Husband Vent
Let me just start by saying I love my husband. There’s no doubt about that.
But I feel myself growing increasingly bitter toward him since having our baby. I swear he acts like nothing changed and still does all the same things he did before the baby. Yes, he works. And he’s a hard worker. But when he’s home, he likes to watch TV, play ps4, etc. He’s taken hunting trips with his friends. He’s gone out to the bar even though I’ve told him I’m not ok some nights. I’ve asked him countless times to help me more and he will, but after a day or two, go back to doing his own thing. He loves our baby but I take care of all the responsibilities and I’m exhausted. I’m back to work full time as well and I’m EBF, so literally everything falls on me. Plus I have one of the babies who wakes every 1.5-2 hours at night still. He’ll take her for a half hour or so for me to shower, but then he’ll get “hot” or bored and give the baby back to me.

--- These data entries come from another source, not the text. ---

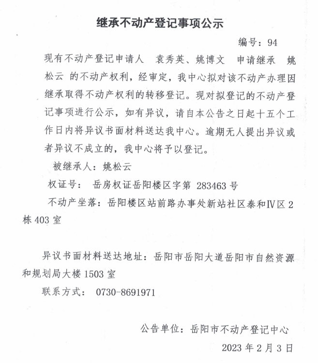 继承不动产登记公示 编号:袁秀英、姚博文(94)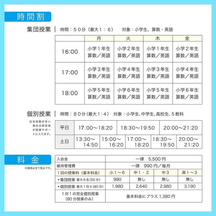 ■1授業50分990円〜 一般的なフランチャイズ塾に比べ2〜3割安価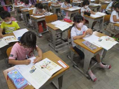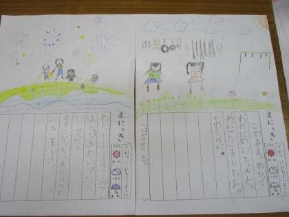 国語の時間です。「こんなことがあったよ」で絵日記の勉強をしました。先生と書くことのポイントの確認。そのあと絵日記にチャレンジ。「プール」「花火大会」など…楽しい日記が書けたようです。夏休みの絵日記も楽しみです。

This week he started bringing up the idea of having another baby. I told him we need to wait because I’m not totally healed and frankly, I can’t raise 3 kids alone (we have a 4 year old.)
He also makes little comments about how he wants to sleep in (which he already does!) Comments about how I should have dinner made. Comments about the housework. I’m growing to really despise this. They feel like little daggers at me.